Doesn't matter what you did to get it... If it sounds good, then it is good!

MrStab

#7
Quote from: PRR on September 23, 2013, 03:59:11 PM
Do you know what you are doing? Zeners need resistors.

this was back before i had actually read an article informing me of such, but for all intents & purposes, i probably still don't know what i'm doing lol. i've successfully used other values of zeners since, thankfully. just thought it was worth mentioning as i hadn't seen other diodes do this, but then i guess they have different applications. i thought it was a "known" thing, evidently it was just my stupidity.
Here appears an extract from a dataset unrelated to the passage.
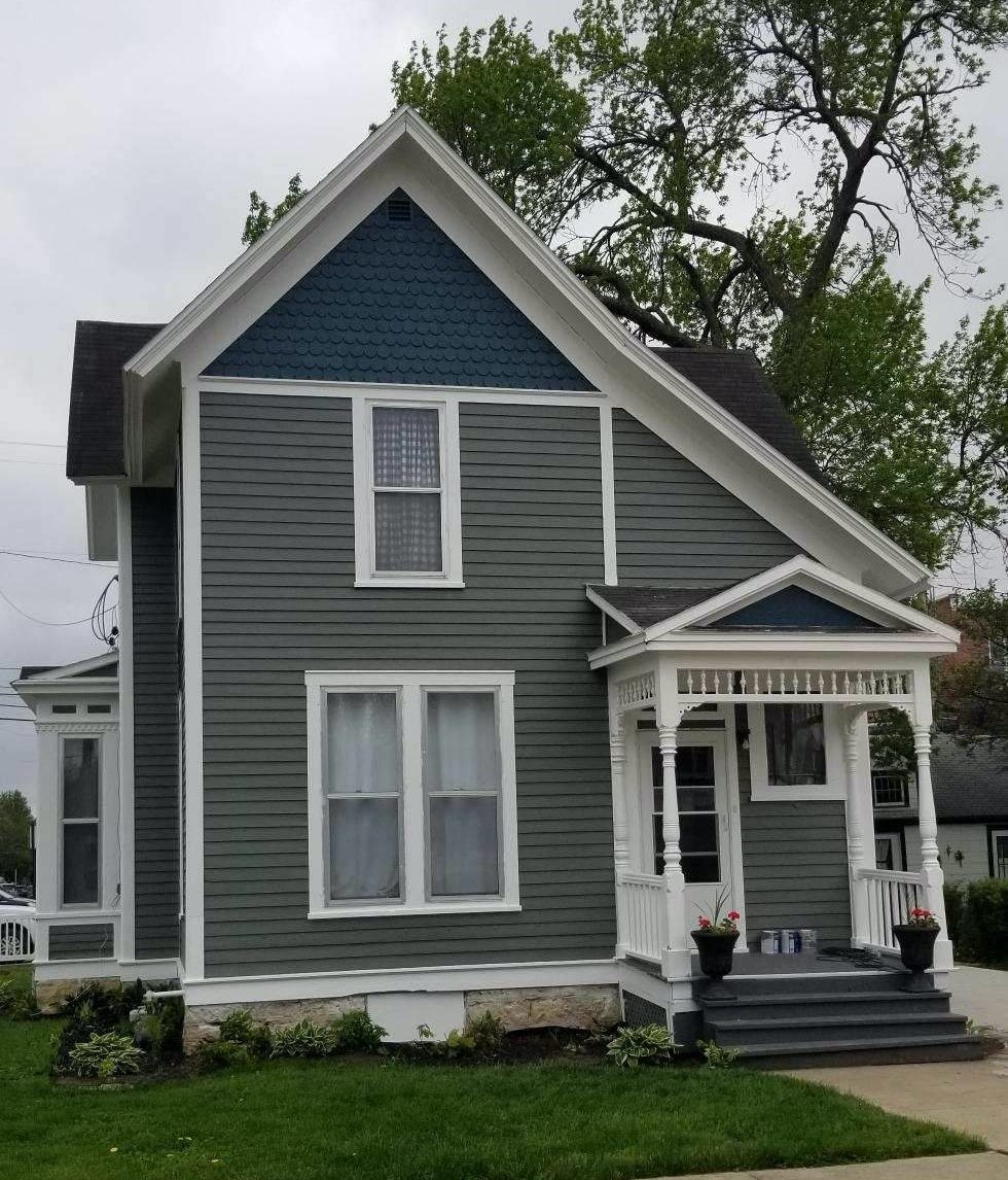 CertaPro Painters® of Cedar Rapids IA repainted the exterior of this residence to change it from a white to a striking grey and blue. Their professionals can prep and paint your home, beautifully transforming the outside to have your property looking like new again!

after some frustration with the JCM emulator, on a whim i decided to go for an Xotic BB Preamp with a clean (ie. no diodes) option and a slightly-modded LPB1 gain stage afterwards (1uF caps & 2.2k instead of 390R to NPN Emitter). as a preamp, it sounds pretty damn badass. now i'm just having trouble with the power amp - both circuits work by themselves, but my transformer sags like crazy when both are hooked up - i think i need to score some 1/2W 100R resistors for the power supply filter (as opposed to the 330 i'm using now) and my TDA2030 might be dead. not sure if this is due a different thread or not. i'll do some reading, just not sure where to start looking. http://sound.westhost.com/project04.htm is a good link.
Recovered guitar player.
Electronics manufacturer.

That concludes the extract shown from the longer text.